BrettFavresColonoscopy

How are we defining bad movies? Because Happy Gilmore is also amazing and terrible and Christopher McDonald gave a genuinely good acting performance as Shooter McGavin. Fully committed, loved it.

ballsofsteelandfury

I’m taking Bob Barker then

Rikki-Tikki-Deadly

1. Leland Orser in Alien: Resurrection. I’m sure this pick would be available all day, but it’s the first thing to come to mind. I was super-high when I watched this movie so I enjoyed it, but I’m told by objective viewers that it’s quite terrible.
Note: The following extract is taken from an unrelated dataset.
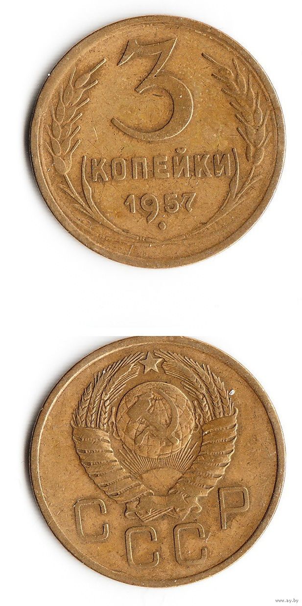 3 копейки СССР 1957 года, состояние отображено на скане.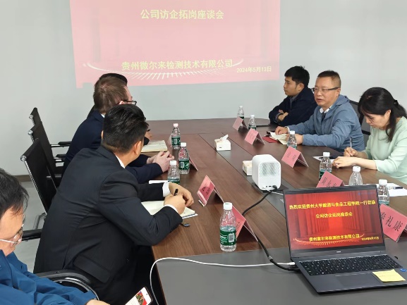 简忠领董事长介绍了微尔来公司的发展历程、发展现状、未来公司规划、校企合作规划。董事长及几位负责人均是为贵州大学的校友,贵州微尔来检测技术有限公司经过贵州大学科技园孵化得以成长,2024年初迁至贵阳市小孟工业园,公司初创至今仅3年左右的时间,产值已上千万。简总表示贵州大学有着人才、科技、成果等优势,希望双方在未来能开展校企合作共赢,相信成果必然能助力贵州食品检测产业高质量发展。

https://www.youtube.com/watch?v=PxDfECfLlF8

Rikki-Tikki-Deadly

Oh – you may remember Leland Orser as “prostitute’s john who was forced to wear the knife dildo suit in Se7en”, another excellent role of his which seems ineligible for this draft because the movie itself was also quite excellent.

Doktor Zymm

That always pissed me off for the very obvious reason that the prostitute isn’t doing it for lust while the john IS, yet she’s the one who dies

Doktor Zymm

The wife was also killed for no reason, I’m pretty sure the screenwriter was just misogynistic

Rikki-Tikki-Deadly

The plight of the “Pride” victim certainly supports that theory. But I wouldn’t say the wife was killed for no reason – it was to spring the “Wrath” trap and complete the seven sins cycle.

Doktor Zymm

No reason in that she didn’t commit any sins, so it’s inconsistent with his whole schtick

Rikki-Tikki-Deadly

That’s true. But there were plenty of inconsistencies in his schtick anyways. I always thought his victim selection of “Sloth” showed as much – it would have made much more sense for him to select a rich, lazy socialite, like a Paris Hilton type.